Skip to content

auctioneer: fix initial per-account subscribe failure#520

Merged
Roasbeef merged 3 commits into
lightninglabs:masterfrom
djkazic:fix-stale-recovery-map-entries
May 22, 2026
Merged

auctioneer: fix initial per-account subscribe failure#520
Roasbeef merged 3 commits into
lightninglabs:masterfrom
djkazic:fix-stale-recovery-map-entries

Conversation

@djkazic
Copy link
Copy Markdown
Contributor

@djkazic djkazic commented May 21, 2026

Problem

auctioneer.Client.connectAndAuthenticate registers a new acctSubscription in c.subscribedAccts before running the 3-way auth handshake, and only removes it again via closeStream (called on full client shutdown or server-disconnect reconnect).

Every per-account error path returns without deleting the entry, including the legitimate ACCOUNT_DOES_NOT_EXIST response that RecoverAccounts triggers when probing keys that aren't known to the auctioneer yet.

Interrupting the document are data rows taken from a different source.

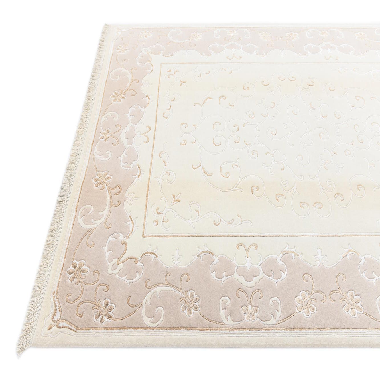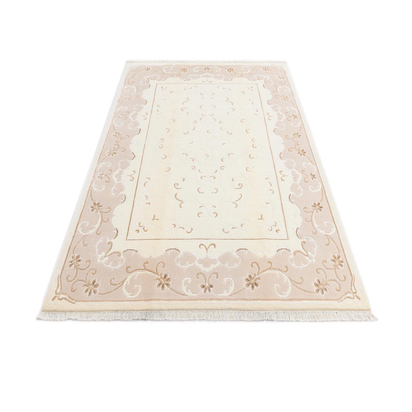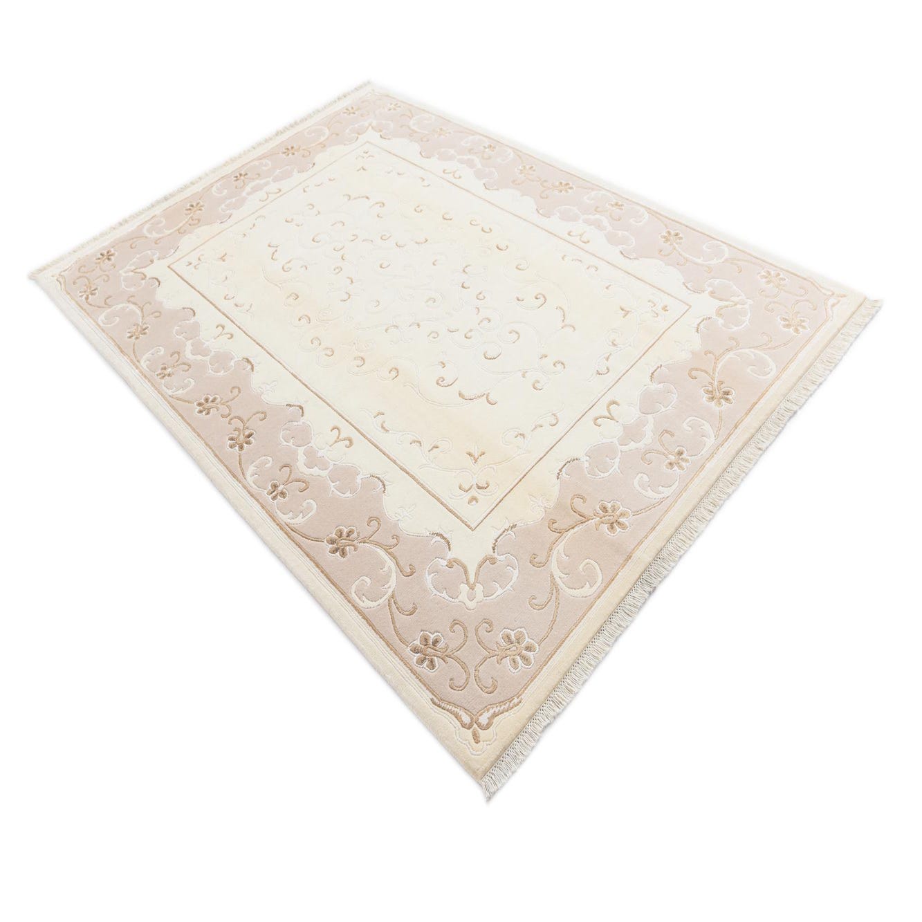 A 5x8 rectangular Darya rug in ivory and cream with an elegant modern oriental pattern and fringe.
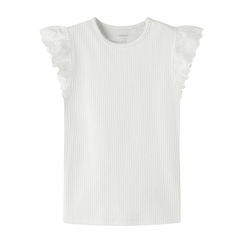 Opdater garderoben med denne fine og feminine Name It Havelle top i klassisk Bright White. En alsidig top, der passer perfekt til både hverdag og lidt pænere anledninger.
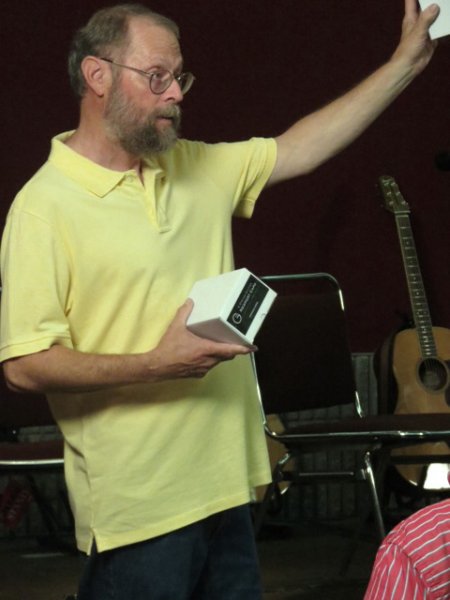 Dana Bourgeois told us yesterday afternoon that he had to let the guitar dry out in a climate controlled area for two full years before attempting a reconstruction, followed by mold abatement, repair and a finish overspray. Noted Japanese luthier and restoration specialist Shin Ichikawa had been enlisted to assist on the project, and he was on hand last night to pick a few with an all-star panel of flatpicking monsters.
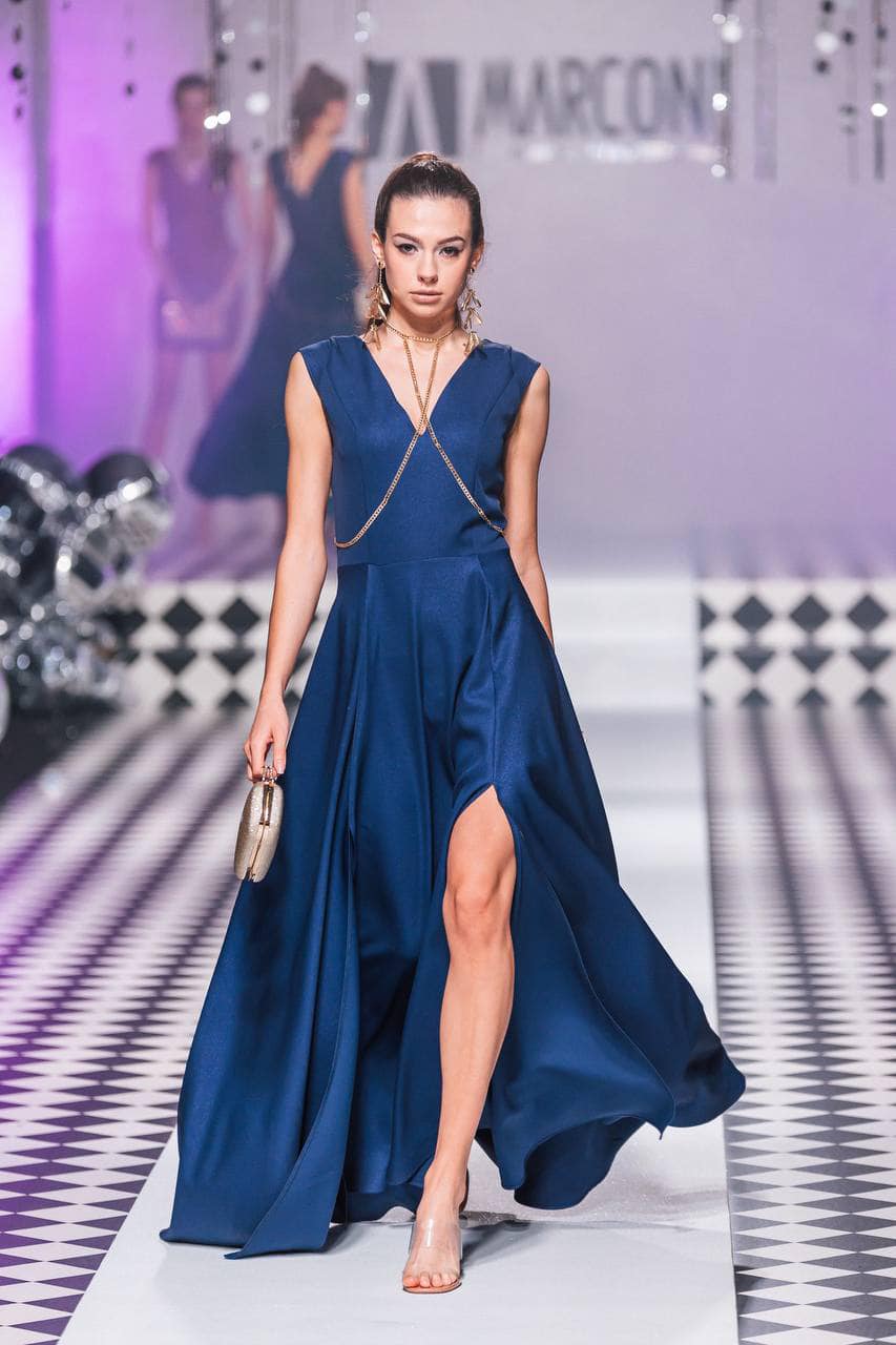 MILENA maxi sukienka, rozszerzana ku dołowi. Uszyta z błyszczącego materiału, posiada dwa rozcięcia z przodu. Dekolt w kształcie litery V.

The next call to StartAccountSubscription for that account key, typically from handleStateOpen after the on-chain funding tx confirms, hits the "already subscribed" early-return guard, returns nil without sending a fresh Commit, and the per-account handshake never runs. The client thinks the account is subscribed; the auctioneer has never authenticated it. The trader is silently filtered as offline trader at matching time and stays that way until the process is restarted (which clears the in-memory map).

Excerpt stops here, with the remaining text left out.